On Thursday, September 7, two ACT government ministers, Mick Gentleman and Rachel Stephen-Smith, published “alternate facts” about what residents are saying should happen on the Dickson Parklands site (Section 72).
Their media statement is simply insulting spin attempting to justify the bulldozing much of the community parklands site to make way for some social housing and a load of residential apartments – with heights indicative – that is, yet to be determined.
Residents see the Dickson Parkland’s availability, a community site, as the last chance for cultural and arts facilities for the growing number of residents across the inner north. They also do not want to lose any more trees. Enough is enough! Where are the Greens on this? Surely not silent again?

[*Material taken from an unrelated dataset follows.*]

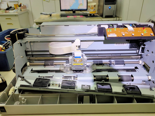 與客戶電話聯繫後,希望能到府維修,因為貼紙黏在感應器上,造成無法使用印表機,整台拆開後區下貼紙,字車座移動時稍微不順,發現軸承上很乾澀,做清潔加保養內部,最後做列印測試客戶看了沒問題交差。
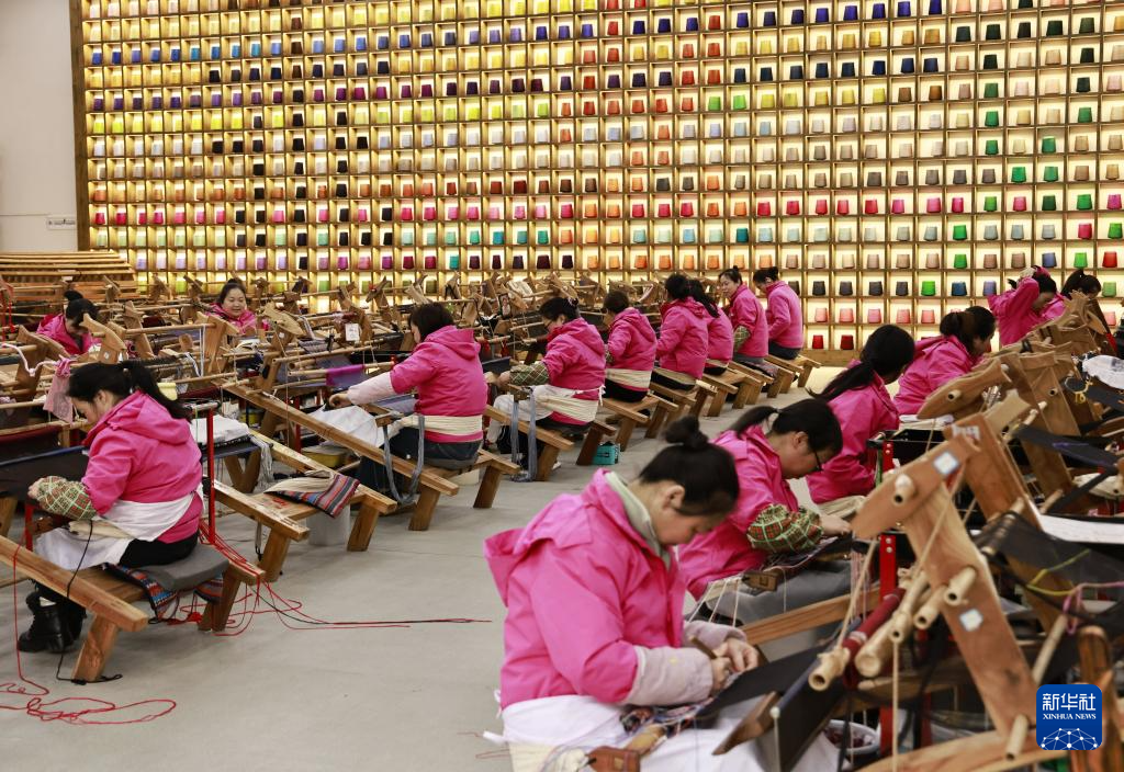 2月24日,在湖南省张家界市武陵源区乖幺妹土家族织锦生产研发基地,工人制作土家族织锦产品。新华社发(吴勇兵摄)

While people have been clear about the need for more social housing in and around Dickson, locals have said repeatedly, but not on the Dickson Parklands site. As for using a community site for apartment towers – you’re kidding!
Despite residents’ views being documented for years, the ministers’ statement makes it clear that the residents’ aspirations for this important site are to be ignored.
Unfortunately in Canberra we have politicians who encourage planning bureaucrats to bend the truth, publish alternative facts and use insulting spin to hide deceptive practices. Is this a definition of telling lies? Is this how a democracy works? Do they tell their loved-ones about their use of deceptions and questionable practices to cheat residents of the character of their cherished suburbs?
In the lead up to the 2016 ACT elections, planning and development issues were hot topics. So hot that Chief Minister Andrew Barr acknowledged this was a problem (something he rarely does) and committed to fixing things.
Some deck chairs moved slightly, new expensive CEO’s appointed, new agencies created, and then the planning bureaucracy carried on as if nothing was wrong.
To add to the insults, the planning chief even made a series of statements about how planning processes were to be improved and that he was focused on the community. Nice words – but yet again nothing changed. The community around Dickson is being offered even more workshops and is being asked to go online and have “your say” – again. To what end? One can only imagine that this latest “engagement” stage will be as fruitful as all the previous. Residents will to be ignored and misrepresented.
The decisions on the Dickson Parklands, along with the ridiculous application of zoning in Campbell (destroying the urban forests and biodiversity), the proposal to bulldoze West Basin to build an apartment suburb (further ruining Civic and the lake’s heritage values), and monstrous proposals elsewhere across Canberra, all point to that someone’s election commitment to change was a joke played on the electorate. Was it another big lie?
The goings-on around this inappropriate and unpopular Dickson Parklands proposal are similar to what is happening in many suburbs. The government continues to make development decisions with no respect for residents and no willingness to represent the voices within their own electorates. Bureaucrats are dispatched to override the residents’ voices who mostly remain polite in the face of this onslaught. The ACT government has learnt that by using such brutal tactics that it can get away with delivering horrible proposals time and time again.
If the government was honest and trustworthy, it would be consulting in a determined manner to see its planning bureaucrats treat residents with respect and intelligence. This is not happening.
Are there no politicians or potential independent politicians willing to take a public stand against the new disastrous proposals for Dickson Parklands, willing to actually represent the people who elect them and to call a halt to the many atrocious things being done to our bush capital?
Paul Costigan, Dickson resident, is an independent commentator and consultant on the visual arts, photography, urban design, environmental issues and everyday matters.